At some point during my first months with MĀNOA, Frank asked me to write a review of Vilsoni Hereniko’s then freshly published Woven Gods. Vili, a professor at the Center for Pacific Islands Studies, had just edited an issue of MĀNOA dedicated to Oceanic and Pacific Islander writers and writing. At the time, this literary space was almost entirely out of view for those not themselves seizing the pen in home islands and communities. I suppose my review was not a complete disaster since Frank suggested that Vili would enjoy lunching and chatting about my review. As I discovered, Vili’s scholarly spirit expands to fill whatever space he’s in and, somehow, by the end of that lunch he had more or less talked me into doing an MA in Pacific Islands Studies.

A year later, after my MA, I moved to Chicago for my doctorate and did not imagine (and, I think, could not have imagined) that I would ever have the privilege of serving as the editor of The Contemporary Pacific. I am confident that any number of other more recent experiences could be identified as part of the story-garden for how I came to take on this editorship. But in retrospect, I’m struck by how early career experiences play out over years, by how unexpectedly paths cross and re-cross, and by how the kindness of intellectual and professional mentorship was a planting that continues to flower and bear fruit.

Each issue includes a Political Reviews section.
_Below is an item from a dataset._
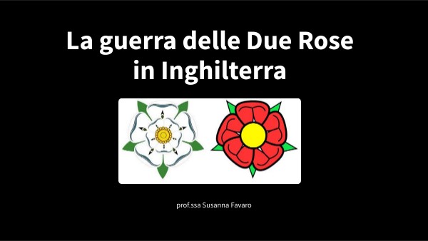 Come hai potuto verificare nella lezione precedente, a vincere la secolare Guerra dei Cent'Anni fu la Francia. L'Inghilterra, invece, ne uscì sconfitta. Aver perso molti feudi francesi da tempo inglesi provocò lo scontento dei baroni (nobili, feudatari) inglesi che si ribellarono alla monarchia. Ne nacque una guerra civile tra le due famiglie degli YORK e dei LANCASTER (identificati dai loro stemmi araldici = nobiliari che riproducevano una rosa bianca e una rosa rossa; v. immagine di copertina). Si tratta sostanzialmente di una guerra dinastica. Tale guerra è nota come la Guerra delle Due Rose (1455-1485).

Tell us about the section appearing in vol. 30, no. 1.

Our Political Reviews alternate between issues in which they are devoted to the countries, territories, and states of Polynesia and Micronesia, and issues in which the reviews are devoted to those of Melanesia. The Political Reviews section that includes the reviews of our Melanesian neighbors also includes a single review of the region as a whole over the course of the preceding year. vol. 30, no. 1, features Micronesia in Review: Issues and Events, 1 July 2016 to 30 June 2017 with reviews of the Federated States of Micronesia (by Clement Yow Mulalap), Guam (by Michael Lujan Bevacqua and Elizabeth Ua Ceallaigh Bowman), and the Marshall Islands (by Monica C Labriola), and Polynesia in Review: Issues and Events, 1 July 2016 to 30 June 2017 with reviews of French Polynesia (by Lorenz Gonschor), Hawai‘i (by ‘Umi Perkins), Māori issues (by Margaret Mutu), Norfolk Island (by Chris Nobbs), Pitcairn Island (by Peter Clegg), Rapa Nui (by Forrest Wade Young), and Tonga (by Steven Ratuva).

These reviews are among our most used and cited pieces over many years. There is really nothing like them published elsewhere and their value is non-diminishing in time. Actually, it seems to me that their value is only increasing, given how poor our individual and collective powers of memory are and how, with each subsequent review, year after year, for each Pacific Islands country or territory, this islands’-eye-view of the political ebb and flow becomes ever richer as a record of the volutions and convolutions of local politics.

What have I learned in the most recent issue? Oceanic politics are wonderfully local but islands are, always were, also global, and the butterfly winds disturbing wildflowers in the continental distances are not always soothing breezes when they arrive in Pacific places. Similarly, the stirrings of regional leviathans touch lives within, across, and far beyond Pasifika communities.

TCP also carries its fair share of reviews, from media to books. Do you have any advice for reviewers interested in writing for your journal?

We do! I actually served as reviews editor for a number of years and regularly try to inculcate in my graduate students a sense of the value of the review literature to their present and future scholarly practice. Advice for potential reviewers? If a recent volume (or film or exhibition) with geographical placedness in Oceania emerges for which one feels a sufficiency of expertise to review, please feel free to reach out to suggest the possibility!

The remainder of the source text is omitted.